(Beginning of Given data)

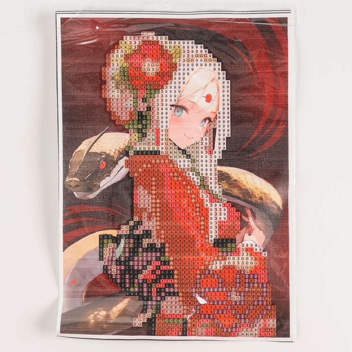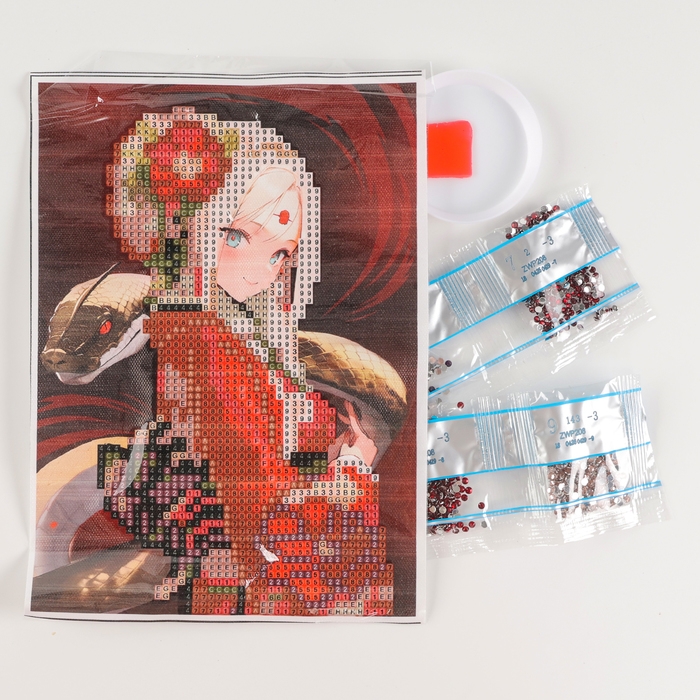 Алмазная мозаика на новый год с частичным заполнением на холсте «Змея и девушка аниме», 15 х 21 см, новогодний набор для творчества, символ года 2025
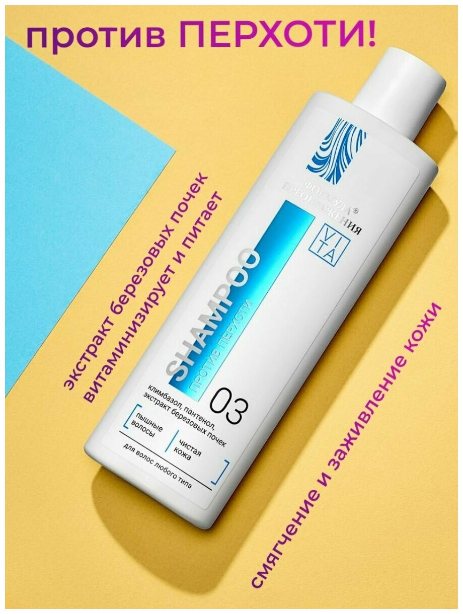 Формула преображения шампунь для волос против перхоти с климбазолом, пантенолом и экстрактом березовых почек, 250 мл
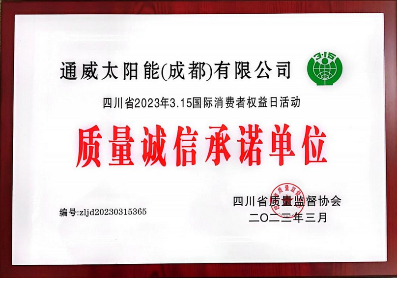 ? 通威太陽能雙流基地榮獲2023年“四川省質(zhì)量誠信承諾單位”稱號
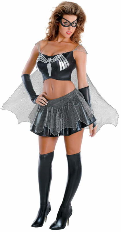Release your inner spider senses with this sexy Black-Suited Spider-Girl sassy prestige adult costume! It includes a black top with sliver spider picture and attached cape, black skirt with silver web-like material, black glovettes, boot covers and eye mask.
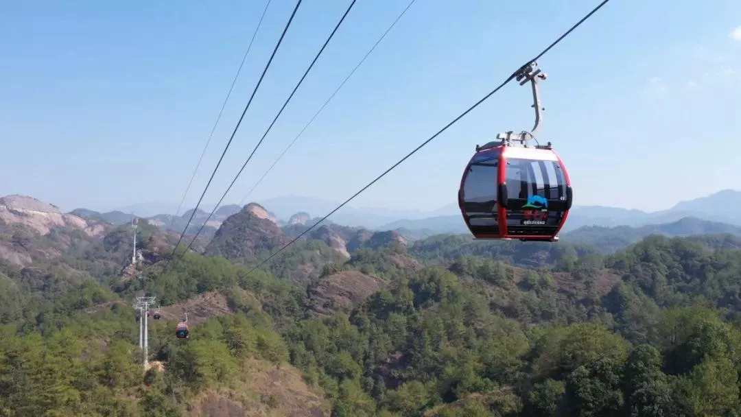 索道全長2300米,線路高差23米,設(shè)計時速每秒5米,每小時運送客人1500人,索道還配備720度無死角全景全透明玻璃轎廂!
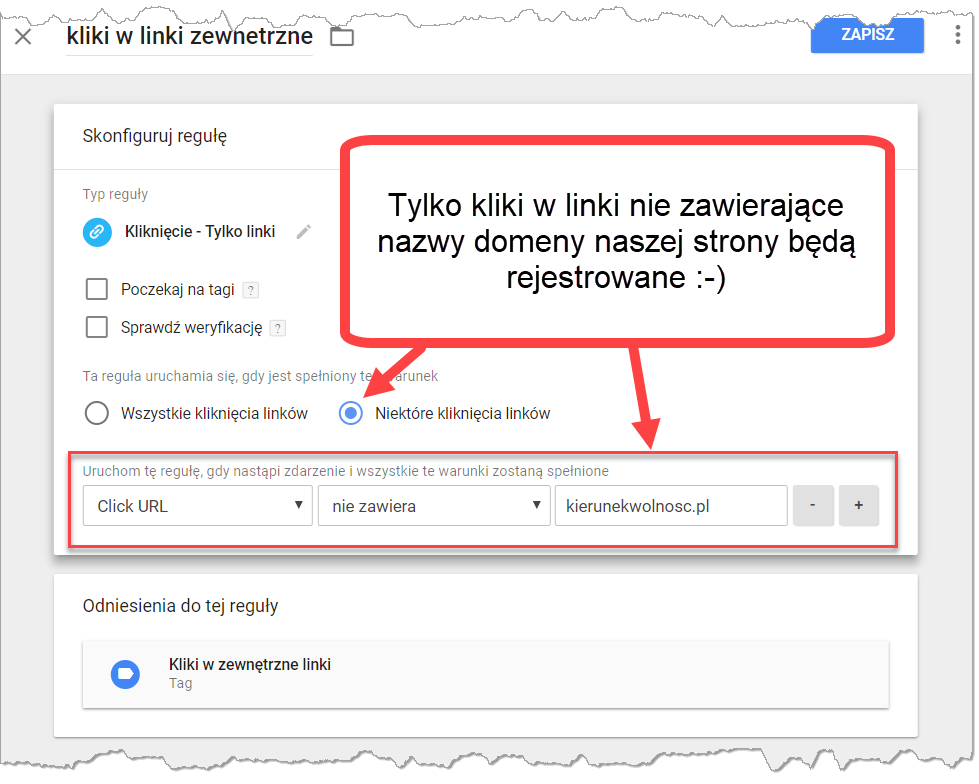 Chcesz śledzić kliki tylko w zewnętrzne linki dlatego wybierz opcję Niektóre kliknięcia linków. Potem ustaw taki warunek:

(End of Given data)

# Problem requirements:
Everything from the top line of the data down to and including the line with "索道全長2300米,線路高差" is to be copied, except the pictures.

# Answer box:
 Алмазная мозаика на новый год с частичным заполнением на холсте «Змея и девушка аниме», 15 х 21 см, новогодний набор для творчества, символ года 2025
 Формула преображения шампунь для волос против перхоти с климбазолом, пантенолом и экстрактом березовых почек, 250 мл
 ? 通威太陽能雙流基地榮獲2023年“四川省質(zhì)量誠信承諾單位”稱號
Release your inner spider senses with this sexy Black-Suited Spider-Girl sassy prestige adult costume! It includes a black top with sliver spider picture and attached cape, black skirt with silver web-like material, black glovettes, boot covers and eye mask.
 索道全長2300米,線路高差23米,設(shè)計時速每秒5米,每小時運送客人1500人,索道還配備720度無死角全景全透明玻璃轎廂!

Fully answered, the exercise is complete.